**TASK OBJECTIVE**
Copy exactly the stretch of data below from the line with "Також співробітники Служби" through the line with "国家企业信用信息公示系统显示", including both of those lines.

[AVAILABLE DATA — start]

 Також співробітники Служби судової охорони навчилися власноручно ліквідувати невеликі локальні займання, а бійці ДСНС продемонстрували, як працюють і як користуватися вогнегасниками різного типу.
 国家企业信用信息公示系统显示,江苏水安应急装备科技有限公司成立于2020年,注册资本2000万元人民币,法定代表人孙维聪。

[AVAILABLE DATA — finish]
[AVAILABLE DATA — start]

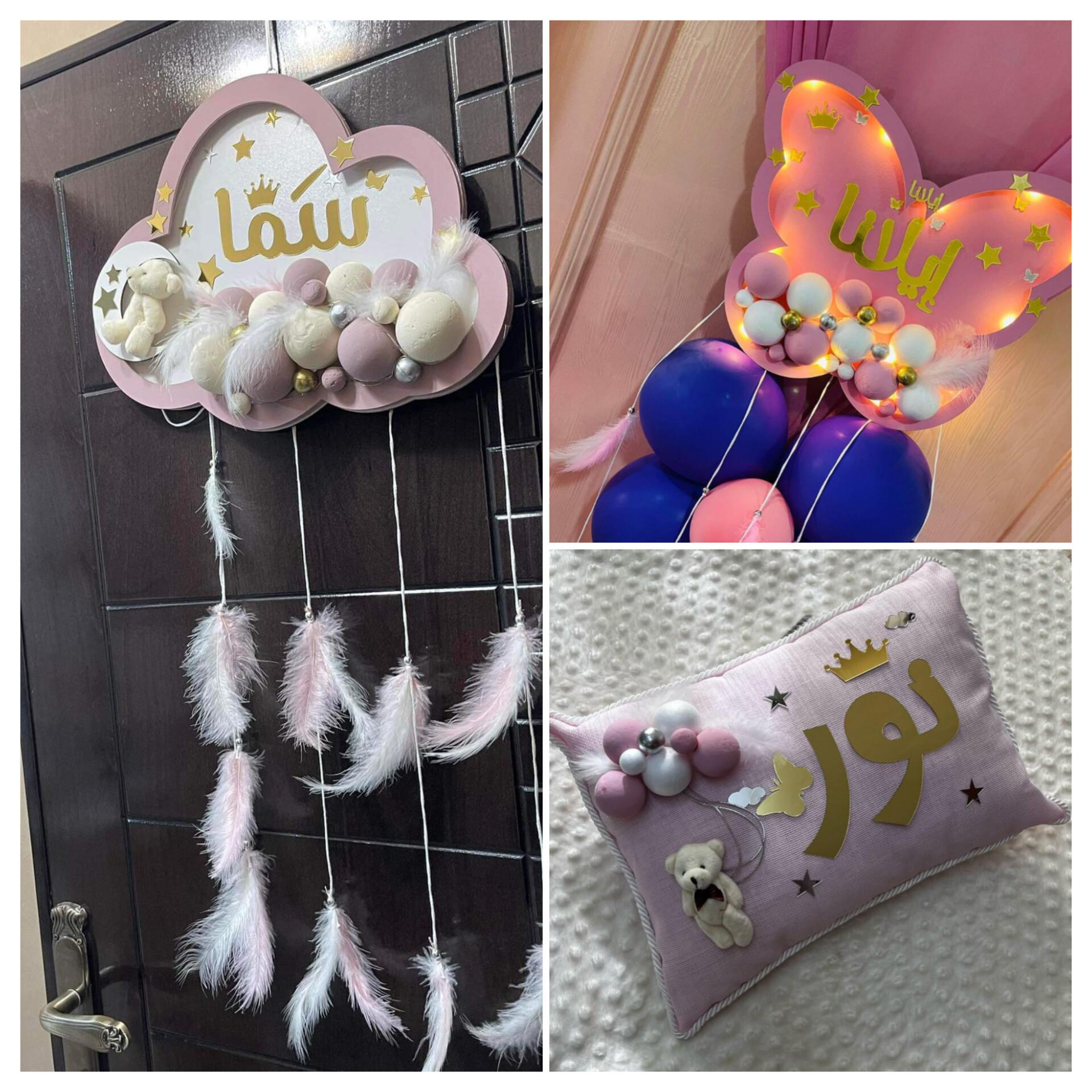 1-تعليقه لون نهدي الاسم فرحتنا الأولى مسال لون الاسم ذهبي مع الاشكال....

[AVAILABLE DATA — finish]
[AVAILABLE DATA — start]

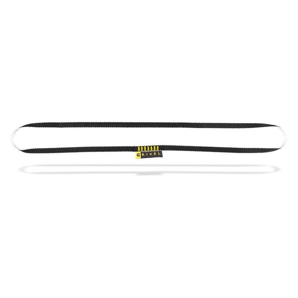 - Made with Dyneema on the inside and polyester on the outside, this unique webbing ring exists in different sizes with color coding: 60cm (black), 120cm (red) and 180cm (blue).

[AVAILABLE DATA — finish]

**RESPONSE TO THIS EXERCISE**
 Також співробітники Служби судової охорони навчилися власноручно ліквідувати невеликі локальні займання, а бійці ДСНС продемонстрували, як працюють і як користуватися вогнегасниками різного типу.
 国家企业信用信息公示系统显示,江苏水安应急装备科技有限公司成立于2020年,注册资本2000万元人民币,法定代表人孙维聪。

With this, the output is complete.